The role of steroids in the pediatric population remains unclear. Bracken et al. reported that methylprednisolone improved spinal cord recovery up to five motor points if administered within 8 hours of injury. Most treating physicians use methylprednisolone in children, although only 15% of patients in the study were between 13 and 19 years old (40).
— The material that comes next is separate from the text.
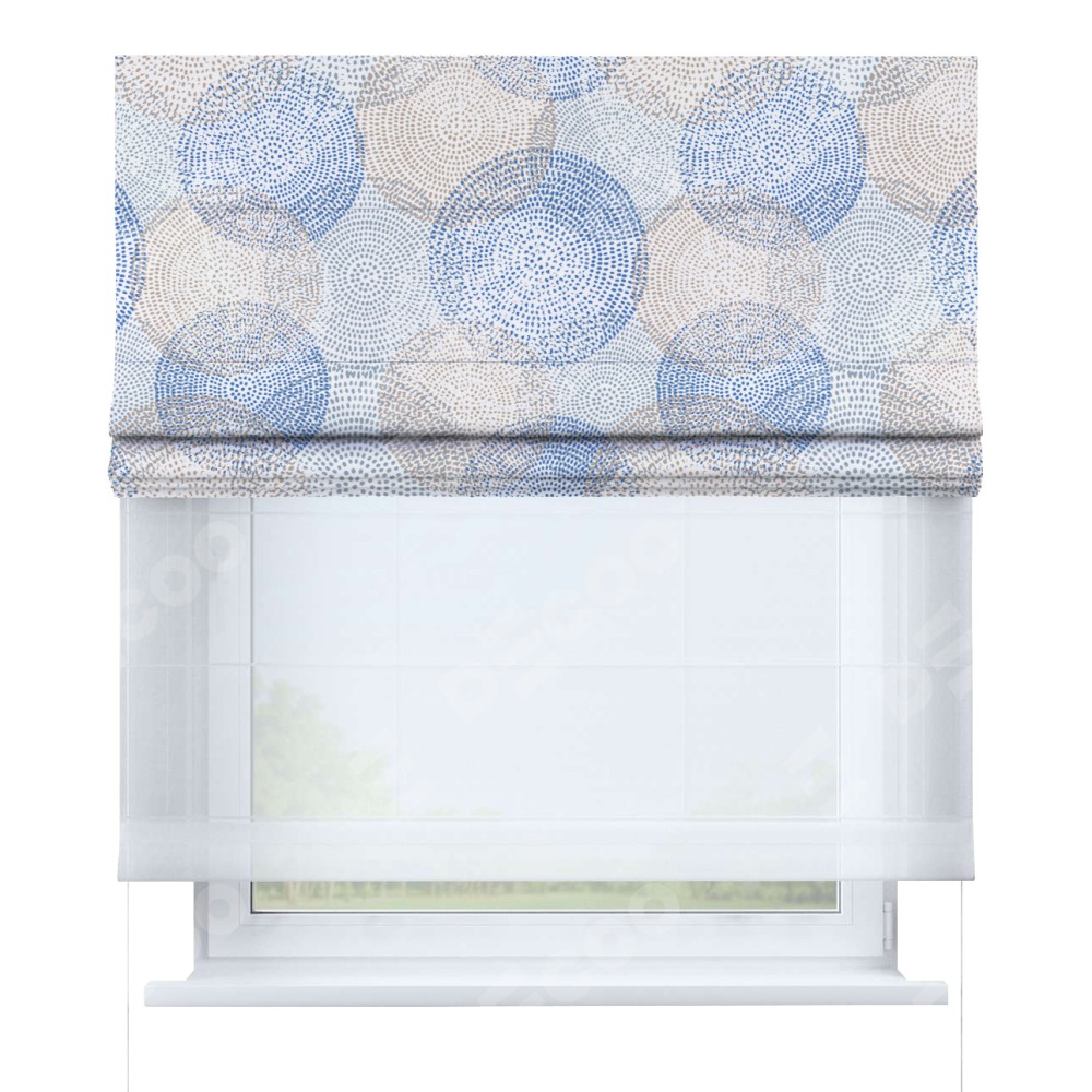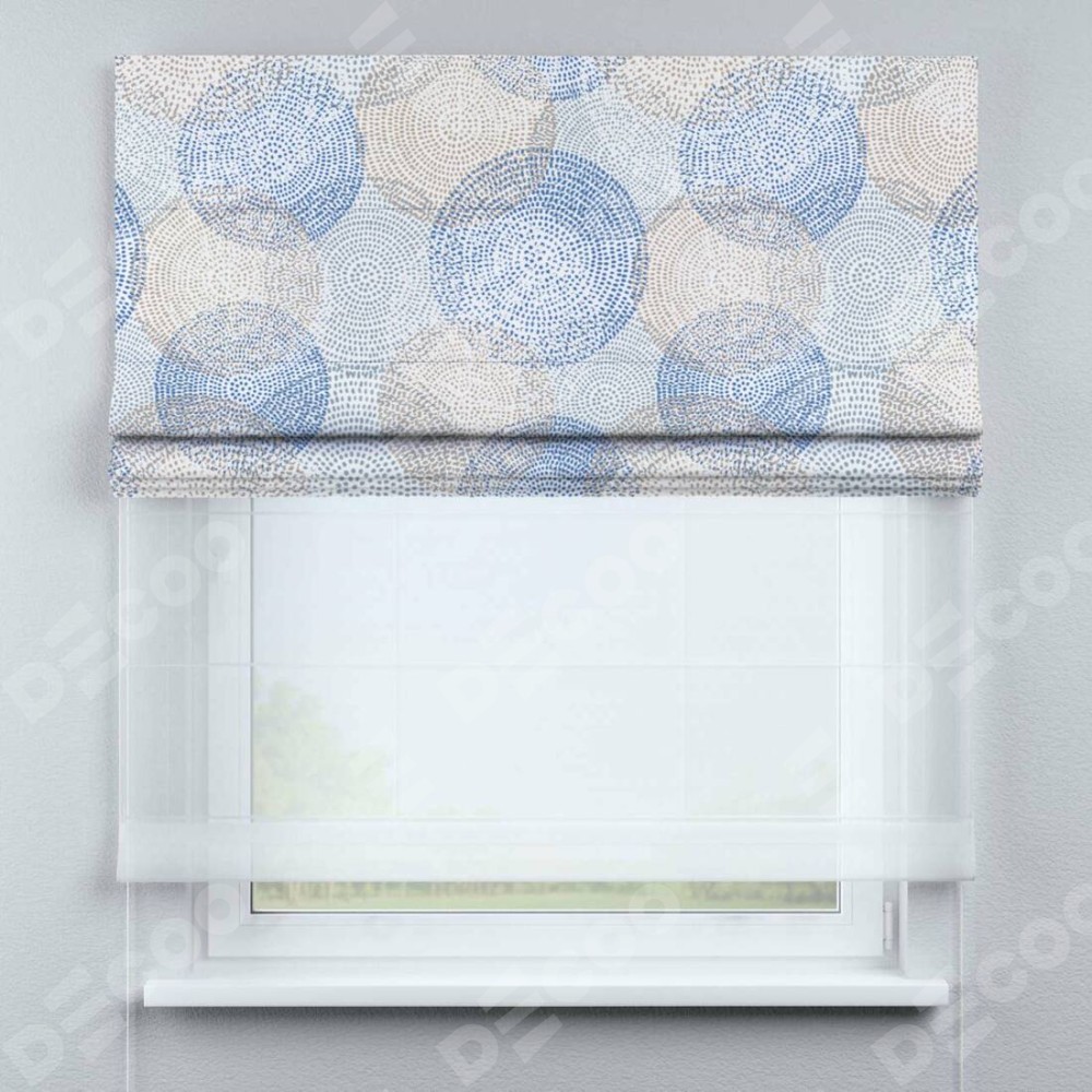 Римская штора день-ночь производителя «Cortin», используется для проёма, пошита из двух полотен, с лицевой блэкаут с нанесением сублимационной печати «Абстрактные круги», вторая ткань тюль (по стандарту комплектуется тюль белого цвета артикул V-01). Имеет универсальный механизм и подходит для монтажа: на потолок, на стену и в нишу.

The injured child should undergo an expedited, yet thorough, history and physical evaluation, as the incidence of associated injuries is very high (41). Cardiac, abdominal, renal, and bladder injuries are often detected after the initial trauma evaluation. Patients with upper cervical injury may have cardiopulmonary arrest. Head injury occurs with SCI in 25% to 50% of patients (7,36). On palpation of the spine, one must assess spinous process step-off and tenderness, as these may indicate underlying injury. Torticollis is another indication of cervical spine injury. The neurologic examination must be repeated at short, regular intervals to ensure the rapid detection of deterioration. It is important to determine the presence of transient neurologic symptoms. At the time of examination, the patient
may not manifest any deficits; however, these patients may have occult instability, which if not detected may have catastrophic consequences.